Host survival depends on the elimination of virus and mitigation of tissue damage. Herein, we report the modulation of D-mannose flux rewires the virus-triggered immunometabolic response cascade and reduces tissue damage. Safe and inexpensive D-mannose can compete with glucose for the same transporter and hexokinase. Such competitions suppress glycolysis, reduce mitochondrial reactive-oxygen-species and succinate-mediated hypoxia-inducible factor-1α, and thus reduce virus-induced proinflammatory cytokine production. The combinatorial treatment by D-mannose and antiviral monotherapy exhibits in vivo synergy despite delayed antiviral treatment in mouse model of virus infections.
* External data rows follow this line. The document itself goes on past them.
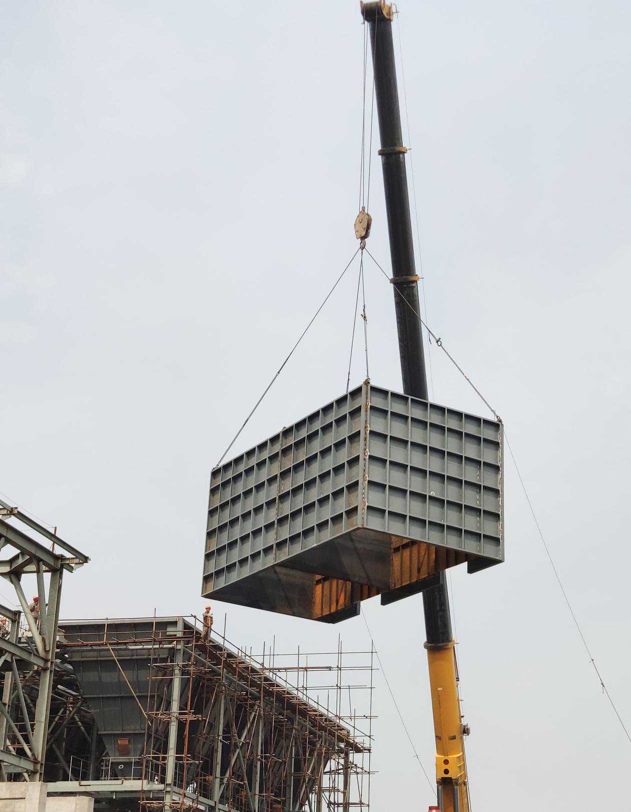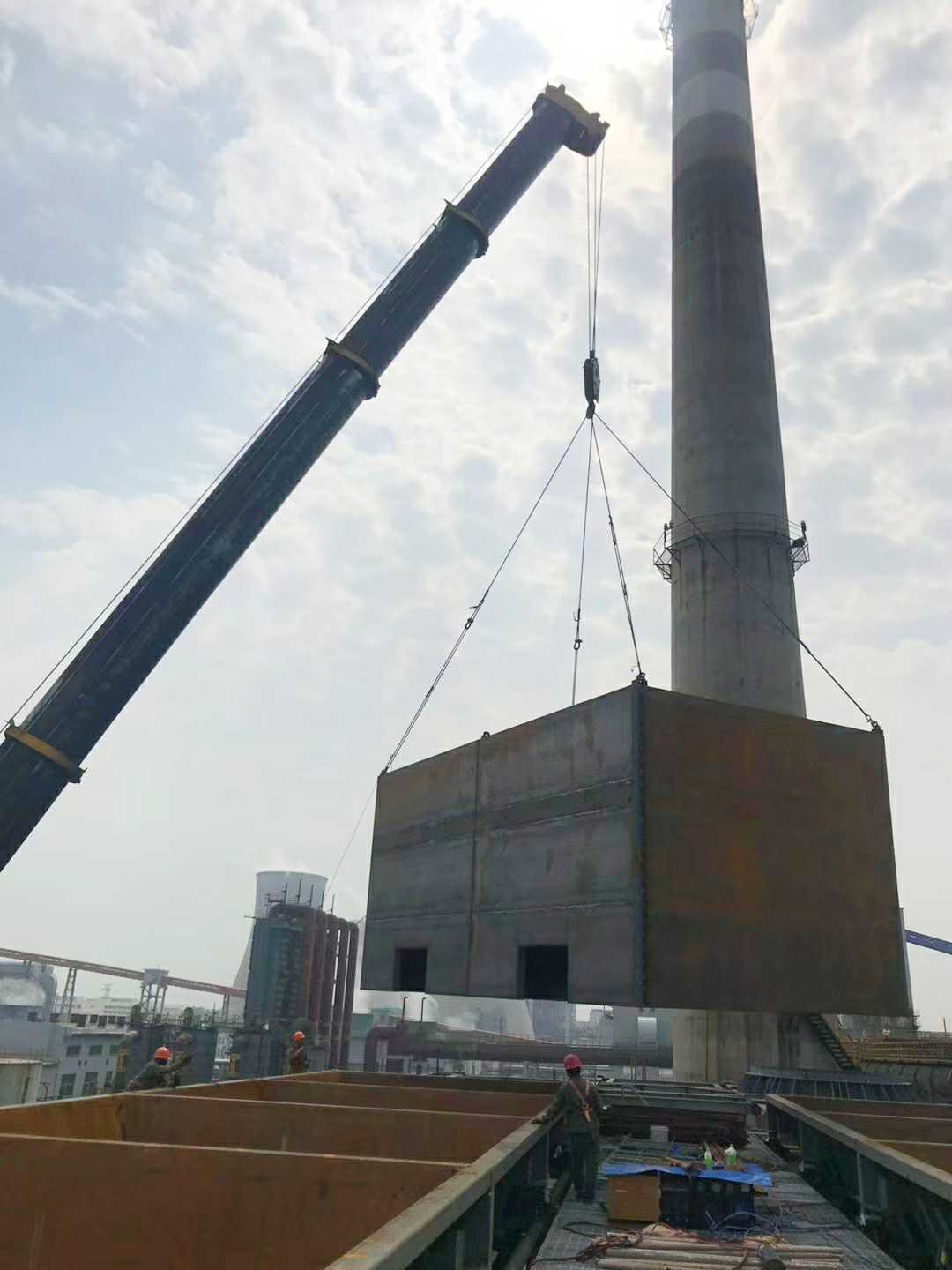 此次反應器中箱體吊裝是臨渙焦化非標件制作安裝工程的重要節點,為下一階段進出口煙道和上箱體的安裝創造了有利條件,獲得業主方、監理的一致好評。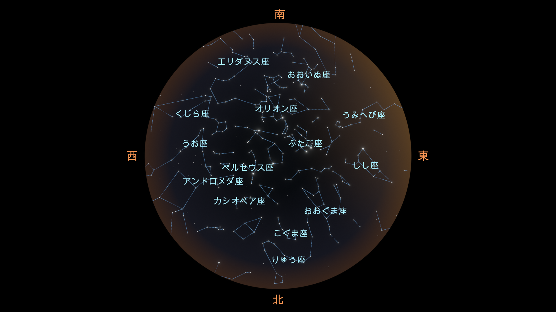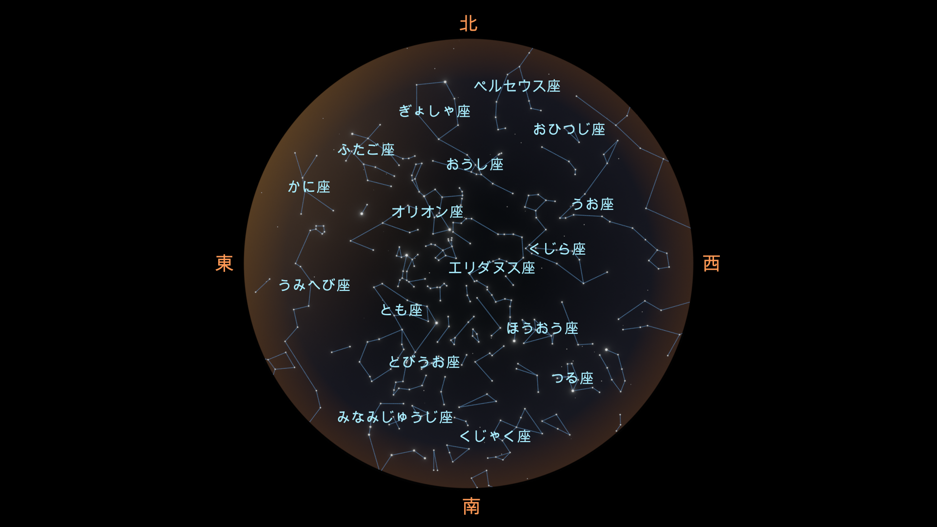 北半球では、12月によく見える星座として、有名なオリオン座、ペルセウス座、おひつじ座、そしておうし座があります。後者2つは黄道十二星座に属しています。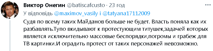 Одного разу на Майдані коло ЦУМу вночі десь коло2-ї ночі патруль при мені затримав одного доходягу в міліцейській формі з старлейськими погонами. Я як офіцер запасу відразу оприділив, що доходяга ніякого відношення до служби немає. Хтось навіть хотів його вдарити, але я та інші стримали і пояснили, що ті скоти відправили пацана на Майдан в формі мента не його зросту на убой, щоб майданівці йогопокалічили і звинувати нас в бандитизмі. Але люди на Майдані були найкращі - там швалі, особливо вночі, практично не було.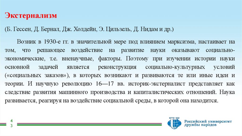 Экстернализм(Б. Гессен, Д. Бернал, Дж. Холдейн, Э. Цильзель, Д. Нидам и др.)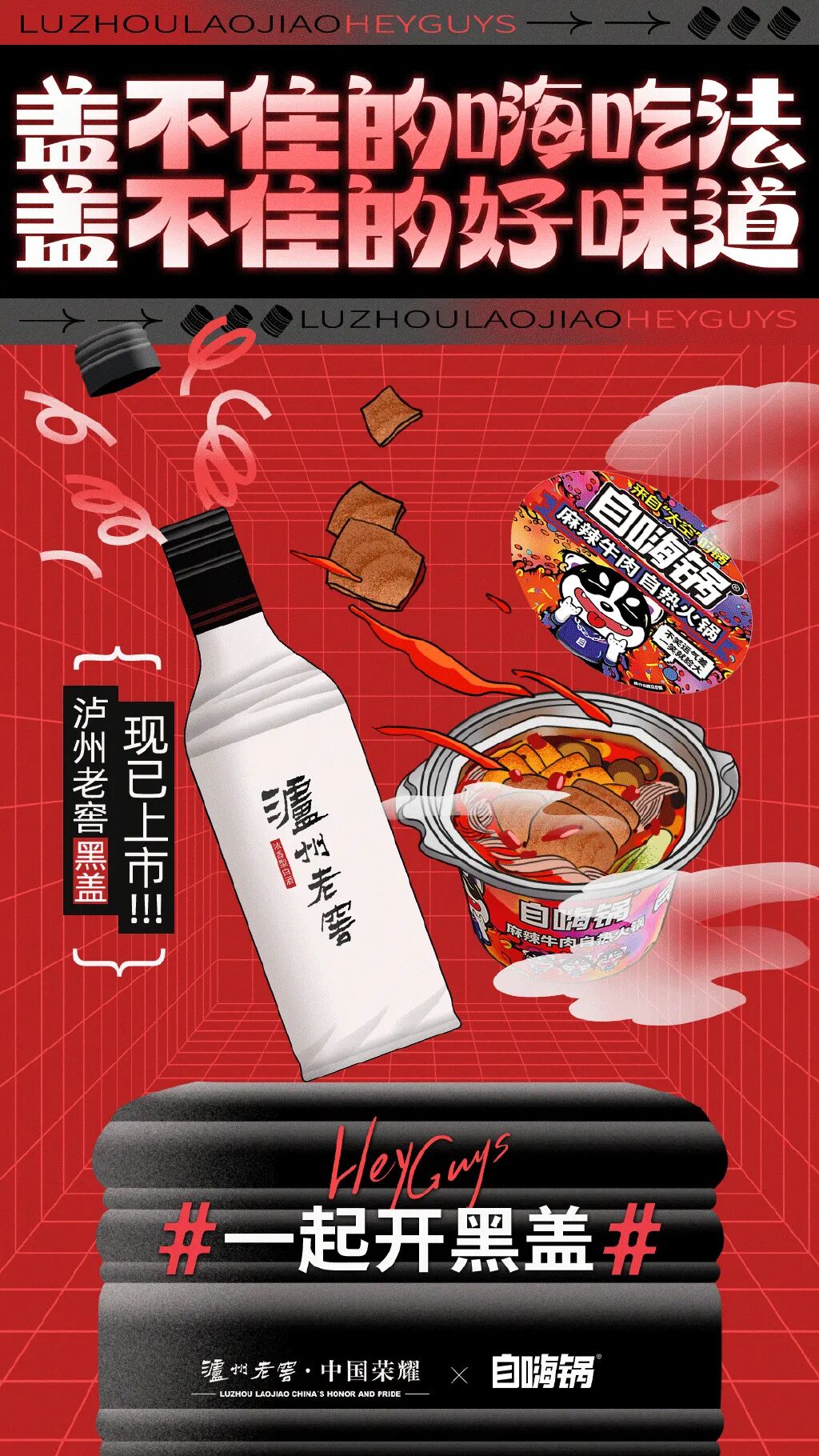 为了拓宽大众的消费联想,泸州老窖还和南方黑芝麻、康佳、厨邦酱油、自嗨锅、小龙坎、苏泊尔等品牌进行联动传播。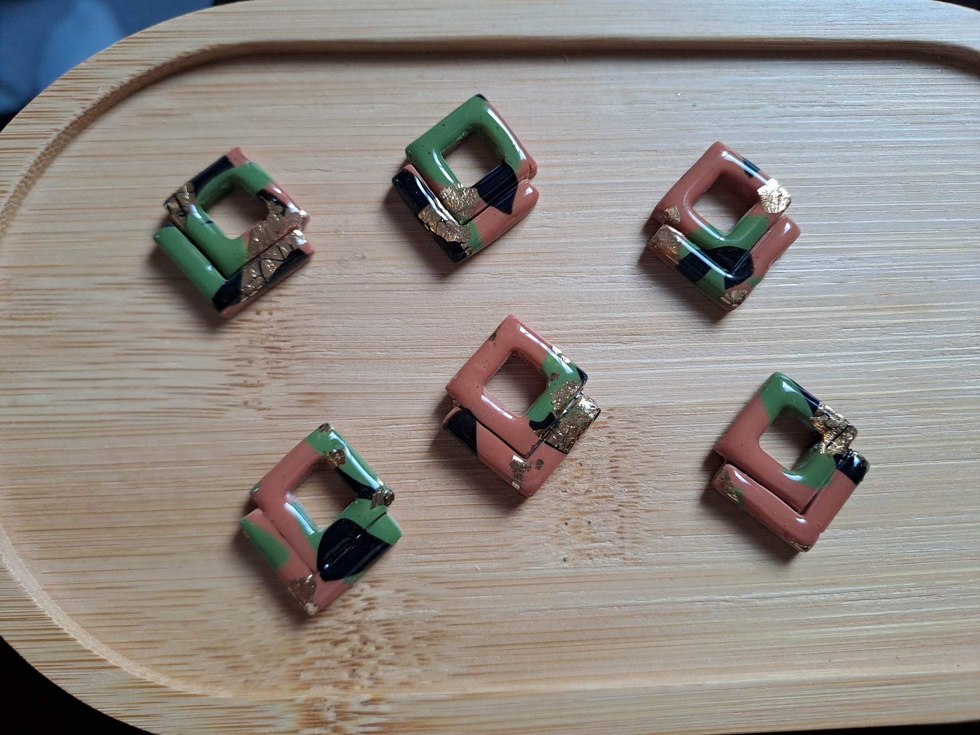 Un mariage vibrant de terracotta, de vert olive naturel et de noir intense, sublimé par des éclats de feuille d’or 🍂.

Phosphomannose isomerase (PMI) knockout cells are viable, whereas addition of D-mannose to the PMI knockout cells blocks cell proliferation, indicating that PMI activity determines the beneficial effect of D-mannose. PMI inhibition suppress a panel of virus replication via affecting host and viral surface protein glycosylation. However, D-mannose does not suppress PMI activity or virus fitness. Taken together, PMI-centered therapeutic strategy clears virus infection while D-mannose treatment reprograms glycolysis for control of collateral damage.

Suggested Citation

  • Ronghui Liang & Zi-Wei Ye & Zhenzhi Qin & Yubin Xie & Xiaomeng Yang & Haoran Sun & Qiaohui Du & Peng Luo & Kaiming Tang & Bodan Hu & Jianli Cao & Xavier Hoi-Leong Wong & Guang-Sheng Ling & Hin Chu & J, 2024. "PMI-controlled mannose metabolism and glycosylation determines tissue tolerance and virus fitness," Nature Communications, Nature, vol. 15(1), pages 1-15, December.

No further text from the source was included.